Montrealer warns luxury car owners about thieves who now have the nerve to hack their smart keys in broad daylight, all thanks to gadgets bought online for a pittance.
“I definitely got worried when I saw the pictures. We’re talking about someone coming to your house, in your privacy. […] They are not ashamed to do so! “We can see that the guy is very comfortable on the pictures, too,” Justin Addison says.

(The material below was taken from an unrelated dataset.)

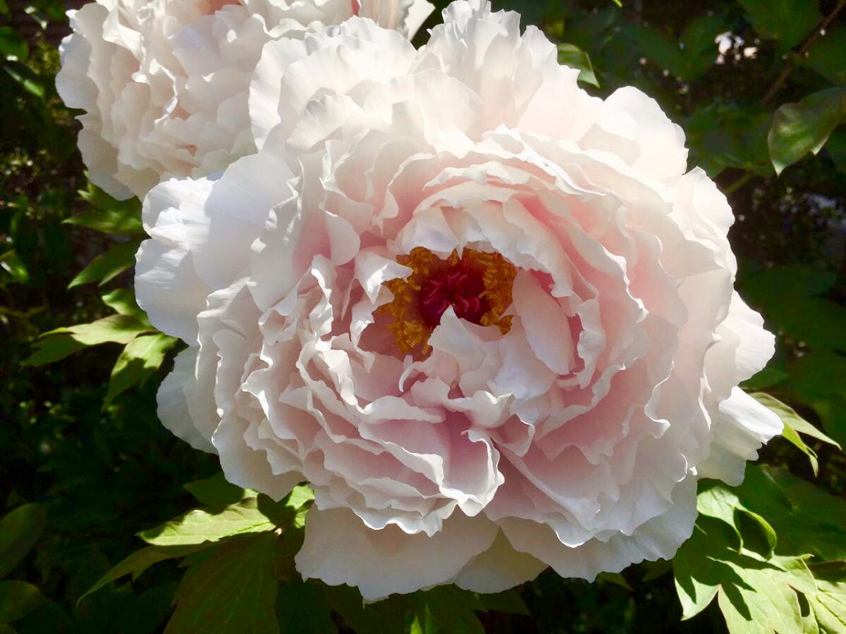 清晨,院子里的牡丹突然地开花了,
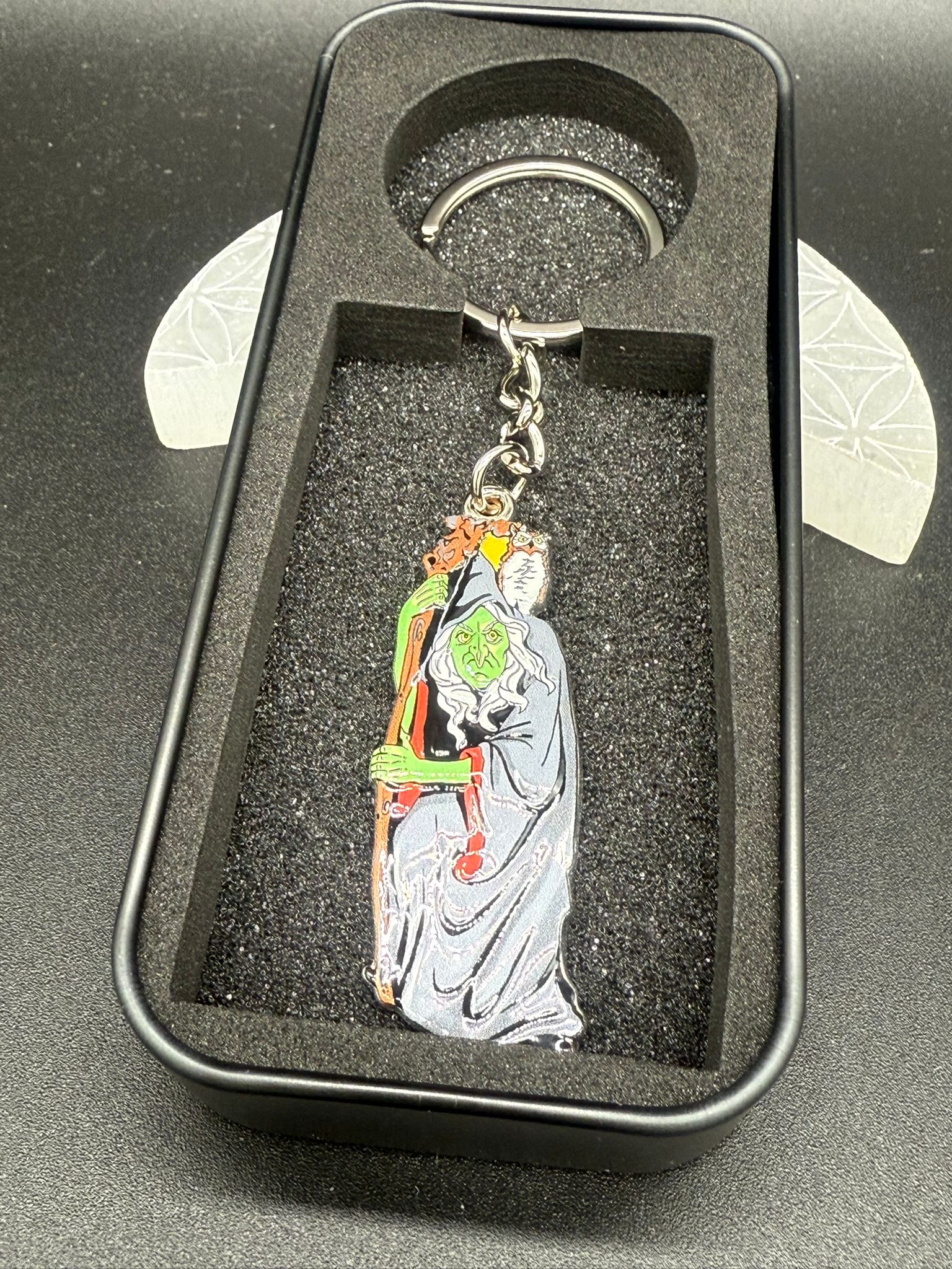 Este llavero es un amuleto portátil que canaliza la energía mística y la sabiduría ancestral de la brujería. Diseñado para acompañarte en tu camino espiritual, protege y potencia tu intuición, abriendo puertas hacia el conocimiento oculto y la conexión con la magia interior. Perfecto para quienes desean llevar consigo un símbolo de poder personal y protección energética en su vida diaria.

This resident of the Tétreaultville neighborhood of Montreal got a surprise visit from a burglar on a Tuesday morning. Videos were captured from his apartment building by the thief preparing to steal his Audi branded car using a signal sensor. The sequence, which was broadcast on social networks, caused a lot of ink to flow.
in a few seconds
“At first I wasn’t sure what he was doing. It looked like he was walking around with a walkie-talkie. But people started writing to me on Facebook. That’s when I realized he wanted to clone my smart key from my car,” Addison said.
In this sequence, which lasts barely 10 seconds, a man approaches the Montrealer entrance and waves a simple sensor in the air.
“It picks up the code from the smart key they have in the house. Then they pass the code onto a blank key at their disposal. Then, the thief can come back in the evening to steal the car. It’s easy and simple,” explains Freddy Marcantonio, VP of Tracking Mark.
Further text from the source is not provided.